§ **The problem**:
The copy has to match the data exactly and leave out every picture.

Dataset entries

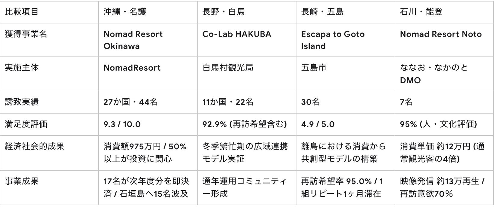 広域連携の実証: 糸魚川・大町・小谷等を横断して滞在する「白馬モデル」を提示。再訪希望率92.9%を達成しました。
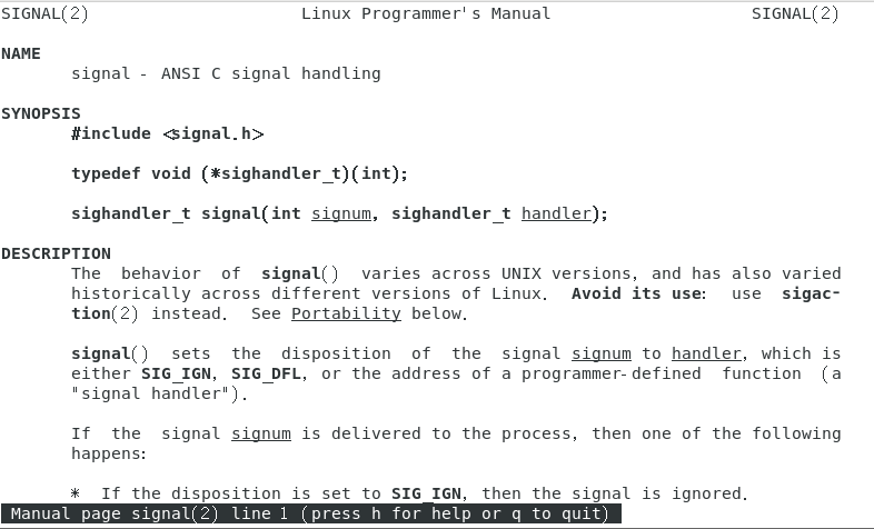 可以 通过 signal() 来改变进程对某个信号的处置方式。通过查看手册: man 2 signal
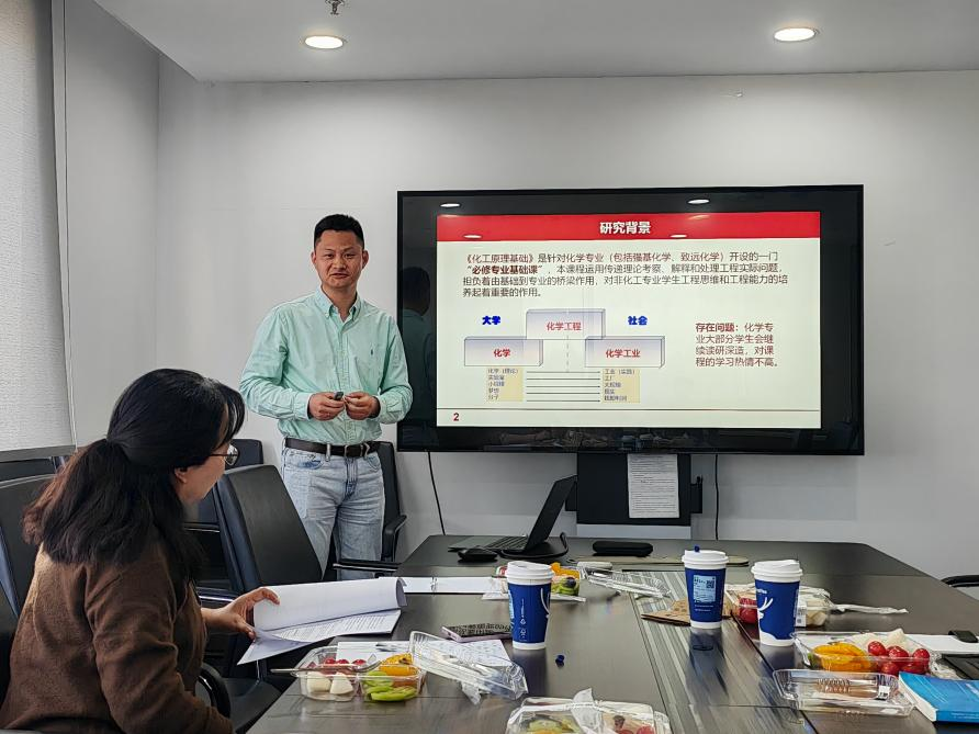 2024年度糖心视频 教学研究基金聚焦化工系专业课程建设与人才培养,是糖心视频 响应学校“教育思想大讨论”、共商“新时代一流化工人才何以炼成”的阶段性答卷。会上,5位项目负责人围绕PBL-TBL-FC混合式教学、案例式教学法、工程思维在科研工作中的植入、翻转课堂教学模式的运用及AI赋能课堂等主题,依次汇报实施路径、数据成效与持续改进方案,并现场回答专家提问。评审组从问题的提出与解决、课程目标的凝练与实现、教学设计的合理性以及考核指标的优化等方面进行了评定并提出了宝贵的建议。
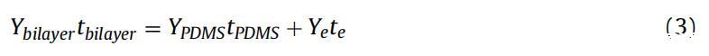測量裸PDMS膜的楊氏模量后,將單層電極轉(zhuǎn)移到這些PDMS膜上。使用與裸PDMS膜相同的參數(shù)測定PDMS+電極雙層的楊氏模量。PDMS+電極雙層由兩個(gè)長度和寬度相等的粘附層形成,因此使用[33]計(jì)算電極楊氏模量:
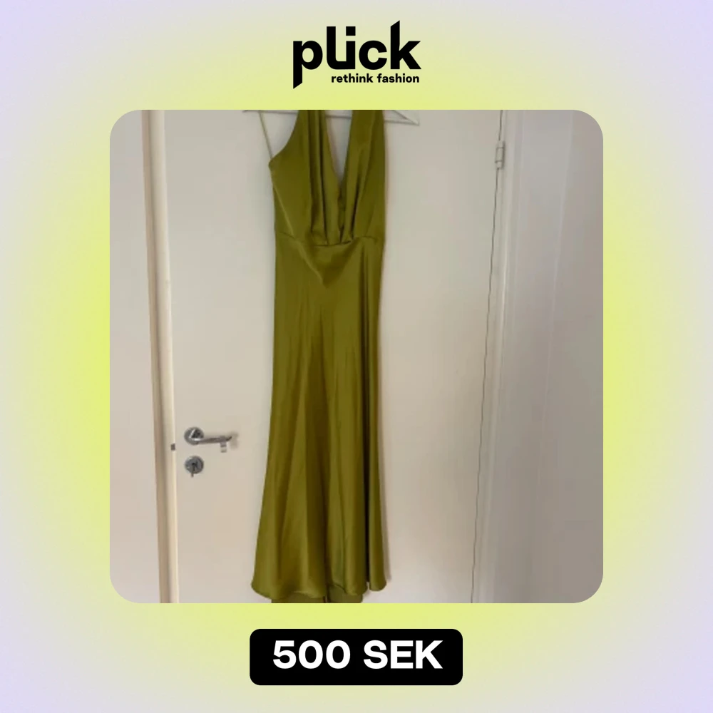 Olivgrön/rostgul satinklänningmed halterneck. Knappar i nacken och vadlång
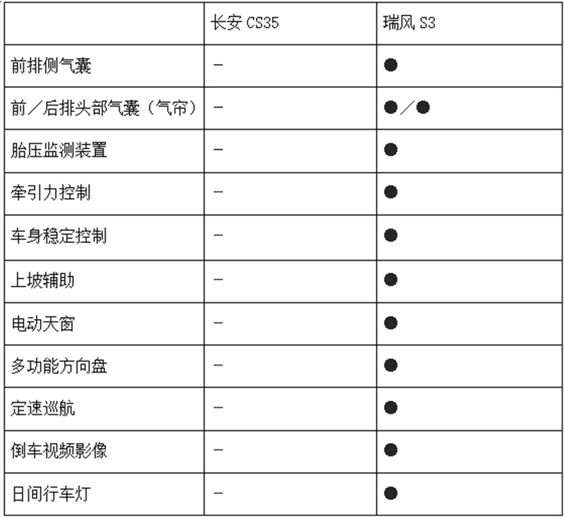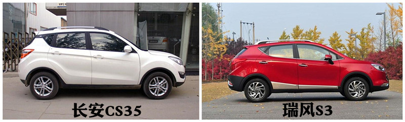 外观对比:长安CS35简洁协调,瑞风S3时尚激进。
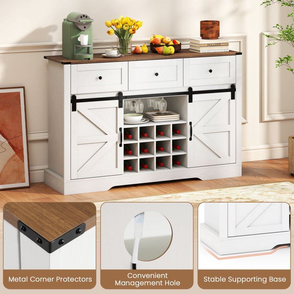 Perfect Display and Storage: Featuring a spacious top, 3 pull-out drawers, and 5 storage compartments, the sideboard buffet cabinet allows for easy organization of your belongings. It includes 2 rows of glass racks for up to 6 wine glasses, as well as a detachable wine bottle holder with 12 slots for versatile storage options.

§ **Finished exercise**:
 広域連携の実証: 糸魚川・大町・小谷等を横断して滞在する「白馬モデル」を提示。再訪希望率92.9%を達成しました。
 可以 通过 signal() 来改变进程对某个信号的处置方式。通过查看手册: man 2 signal
 2024年度糖心视频 教学研究基金聚焦化工系专业课程建设与人才培养,是糖心视频 响应学校“教育思想大讨论”、共商“新时代一流化工人才何以炼成”的阶段性答卷。会上,5位项目负责人围绕PBL-TBL-FC混合式教学、案例式教学法、工程思维在科研工作中的植入、翻转课堂教学模式的运用及AI赋能课堂等主题,依次汇报实施路径、数据成效与持续改进方案,并现场回答专家提问。评审组从问题的提出与解决、课程目标的凝练与实现、教学设计的合理性以及考核指标的优化等方面进行了评定并提出了宝贵的建议。
測量裸PDMS膜的楊氏模量后,將單層電極轉(zhuǎn)移到這些PDMS膜上。使用與裸PDMS膜相同的參數(shù)測定PDMS+電極雙層的楊氏模量。PDMS+電極雙層由兩個(gè)長度和寬度相等的粘附層形成,因此使用[33]計(jì)算電極楊氏模量:
 Olivgrön/rostgul satinklänningmed halterneck. Knappar i nacken och vadlång
 外观对比:长安CS35简洁协调,瑞风S3时尚激进。
 Perfect Display and Storage: Featuring a spacious top, 3 pull-out drawers, and 5 storage compartments, the sideboard buffet cabinet allows for easy organization of your belongings. It includes 2 rows of glass racks for up to 6 wine glasses, as well as a detachable wine bottle holder with 12 slots for versatile storage options.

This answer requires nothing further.